ENTRIES PROVIDED —
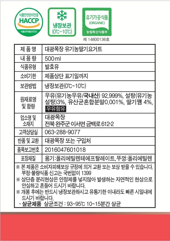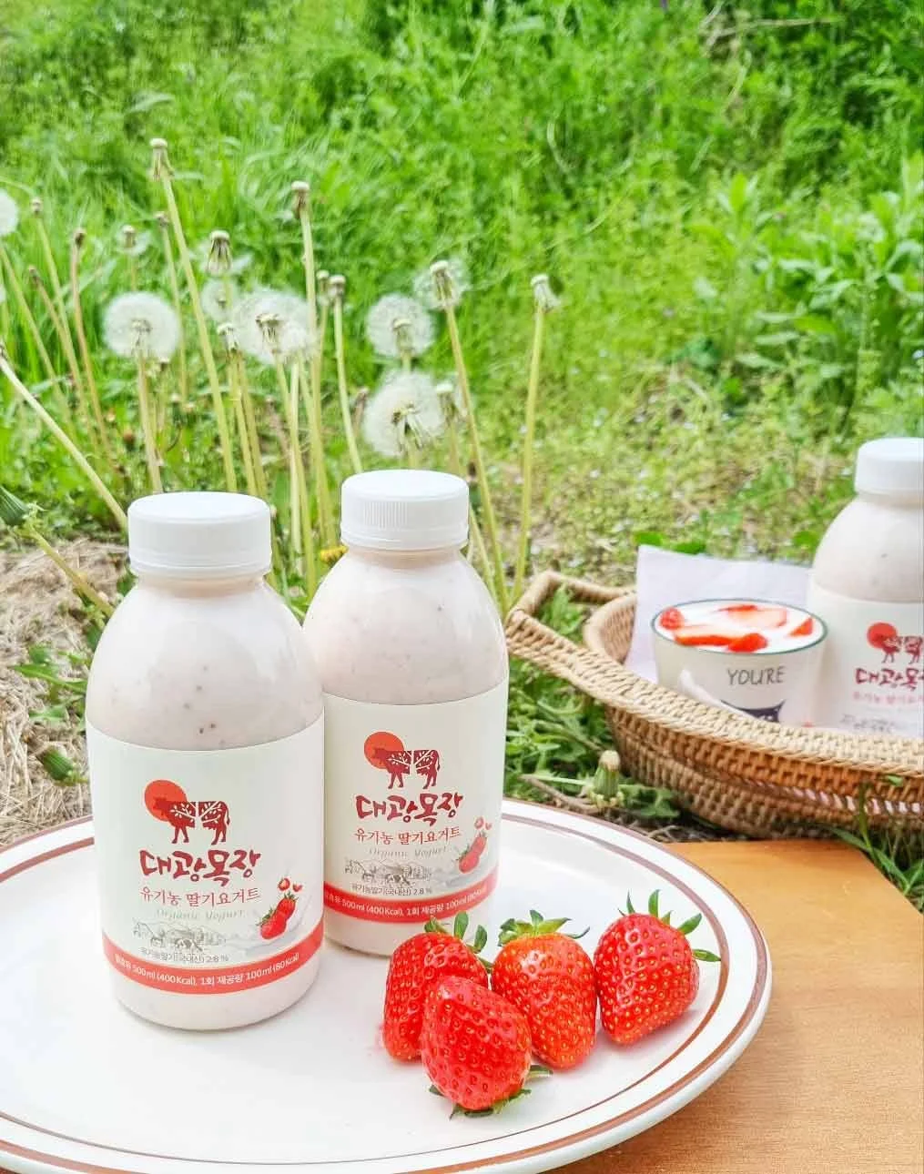 대광목장 요구르트는 일체의 화학첨가물을 넣지 않은 100% 유기농우유만으로 만들고 , 오직 유산균과 장내 유익균 증식에 필요한 3%만의 유기농 설탕이 들어있습니다. 새롭게 출시된 대광목장 딸기요거트는 기존의 부드럽고 담백한 요거트에 딸기잼을 첨가하여 상큼하고 달콤한 맛을 더했습니다. 목장에서 이른새벽 갓 짠 우유로 10여분 내에 만들어지고, 저온 발효 기술을 통해 1ml당 1억마리의 유산균이 살아있는 신선하고 건강한 식품입니다.
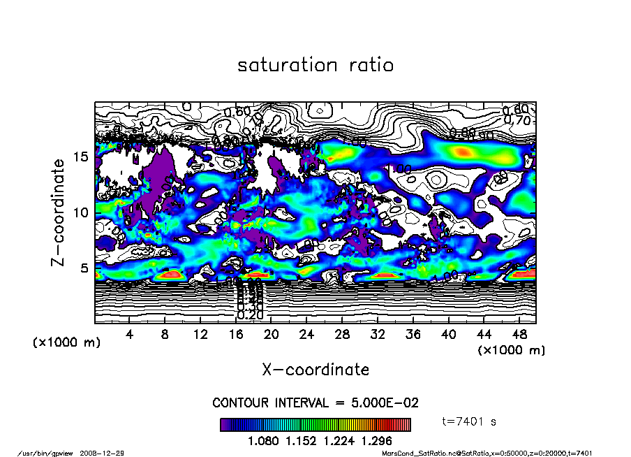 これを防ぐために, 一定以上の雲密度でない場合に飽和比が 1 以上でも凝結しないように閾値を設けて計算を行ってみた.
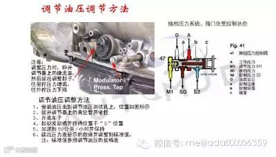 722.3型自动变速器采用节流式双级 调速器,它安装在自动变速器的输出轴部位,内部有两个质量不同的重块,在离心力的作用下,重块带动滑阀打开相关的油道,改变通油截面面积,这样就能够使调速器油压与车速相匹配,调速器油压调整螺钉及测试孔件下图:
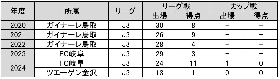 大山田サッカースポーツ少年団 - セレッソ大阪西U-15 - 四日市中央工高 - ガイナーレ鳥取 - FC岐阜
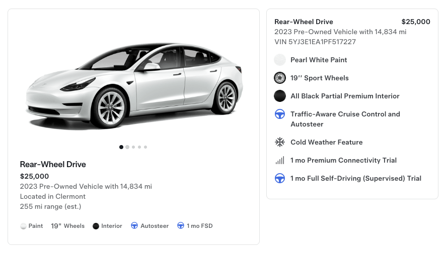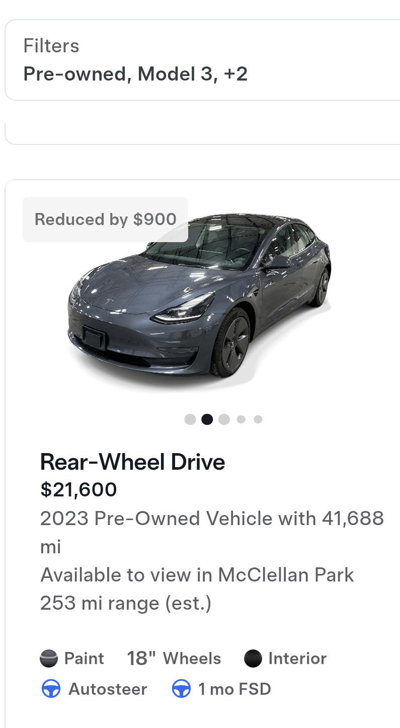 Just bought a 2023 tesla model 3 rwd from tesla's website, with 28k miles for 24k.
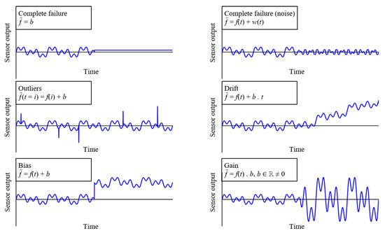 However, the reliability and performance of SHM systems, besides the proper synchronization of sensors [6], depend on the accurate operation of the sensing equipment. Sensors in monitoring systems may experience faults, compromising the reliability and performance of SHM systems. Sensor faults may be caused by hardware or software malfunctions, power outages, environmental impacts, or signal interferences [7]. The most common sensor faults include bias, complete failure, complete failure with noise, gain, drift, and outliers [8]. If undetected, sensor faults may compromise the accuracy of the sensing equipment, resulting in the low reliability and poor performance of SHM systems.
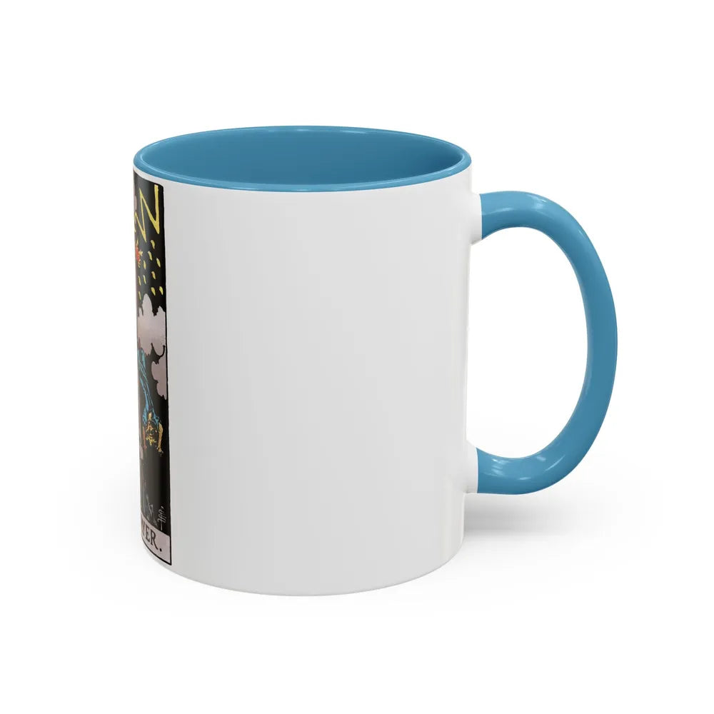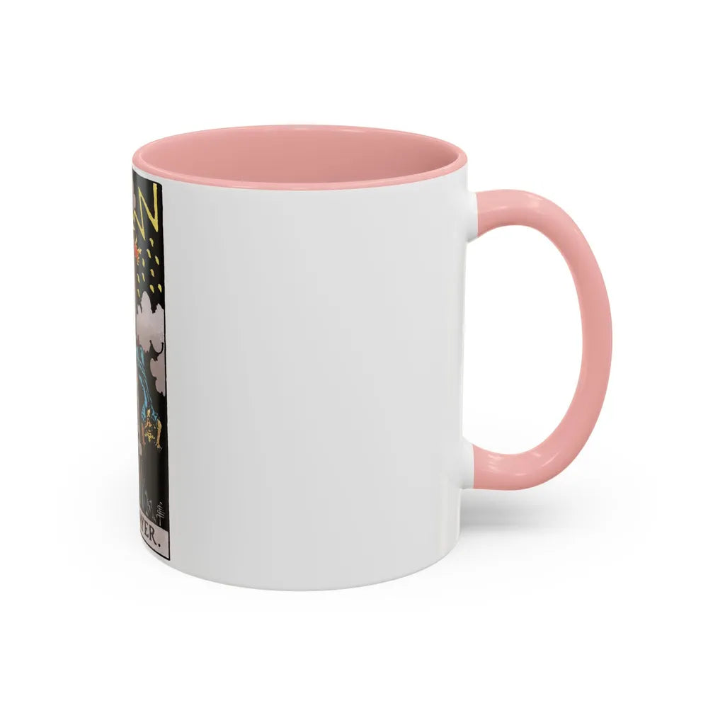 Accent ceramic mugs with a glossy white exterior and a colored interior & handle. Offered in 11 oz (≈330 ml) and 15 oz (≈440 ml), these mugs pair strong visual contrast with everyday durability — lead- and BPA-free.
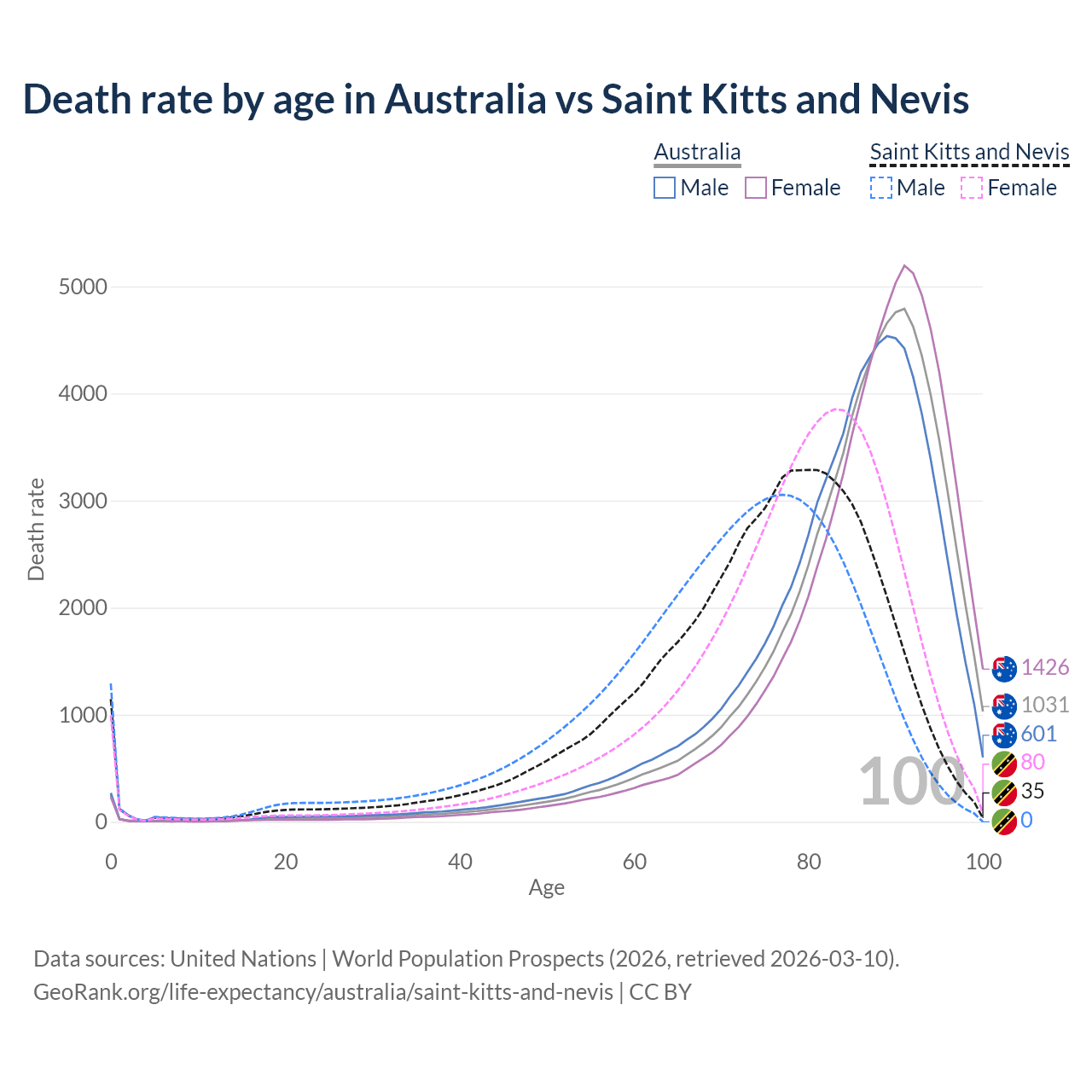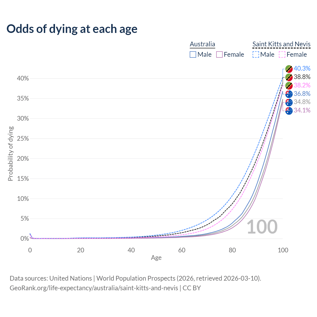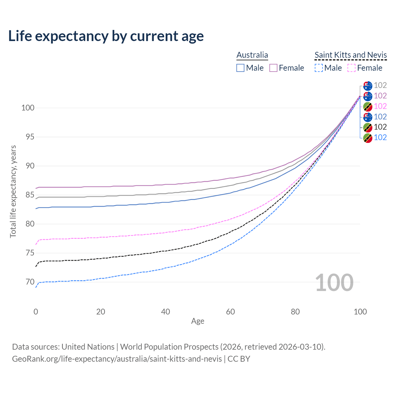 This life expectancy calculator shows the odds of living to 100, 95, 90, and below based on current age for both males and females in Australia and Saint Kitts and Nevis, along with mean and median age of death. The calculations are based on the 2026 life tables (actuarial tables) from the UN World Population Prospects.

THE TASK —
Set down all the data again exactly as above, pictures excluded.

THE COMPLETED TASK —
 대광목장 요구르트는 일체의 화학첨가물을 넣지 않은 100% 유기농우유만으로 만들고 , 오직 유산균과 장내 유익균 증식에 필요한 3%만의 유기농 설탕이 들어있습니다. 새롭게 출시된 대광목장 딸기요거트는 기존의 부드럽고 담백한 요거트에 딸기잼을 첨가하여 상큼하고 달콤한 맛을 더했습니다. 목장에서 이른새벽 갓 짠 우유로 10여분 내에 만들어지고, 저온 발효 기술을 통해 1ml당 1억마리의 유산균이 살아있는 신선하고 건강한 식품입니다.
 これを防ぐために, 一定以上の雲密度でない場合に飽和比が 1 以上でも凝結しないように閾値を設けて計算を行ってみた.
 722.3型自动变速器采用节流式双级 调速器,它安装在自动变速器的输出轴部位,内部有两个质量不同的重块,在离心力的作用下,重块带动滑阀打开相关的油道,改变通油截面面积,这样就能够使调速器油压与车速相匹配,调速器油压调整螺钉及测试孔件下图:
 大山田サッカースポーツ少年団 - セレッソ大阪西U-15 - 四日市中央工高 - ガイナーレ鳥取 - FC岐阜
 Just bought a 2023 tesla model 3 rwd from tesla's website, with 28k miles for 24k.
 However, the reliability and performance of SHM systems, besides the proper synchronization of sensors [6], depend on the accurate operation of the sensing equipment. Sensors in monitoring systems may experience faults, compromising the reliability and performance of SHM systems. Sensor faults may be caused by hardware or software malfunctions, power outages, environmental impacts, or signal interferences [7]. The most common sensor faults include bias, complete failure, complete failure with noise, gain, drift, and outliers [8]. If undetected, sensor faults may compromise the accuracy of the sensing equipment, resulting in the low reliability and poor performance of SHM systems.
 Accent ceramic mugs with a glossy white exterior and a colored interior & handle. Offered in 11 oz (≈330 ml) and 15 oz (≈440 ml), these mugs pair strong visual contrast with everyday durability — lead- and BPA-free.
 This life expectancy calculator shows the odds of living to 100, 95, 90, and below based on current age for both males and females in Australia and Saint Kitts and Nevis, along with mean and median age of death. The calculations are based on the 2026 life tables (actuarial tables) from the UN World Population Prospects.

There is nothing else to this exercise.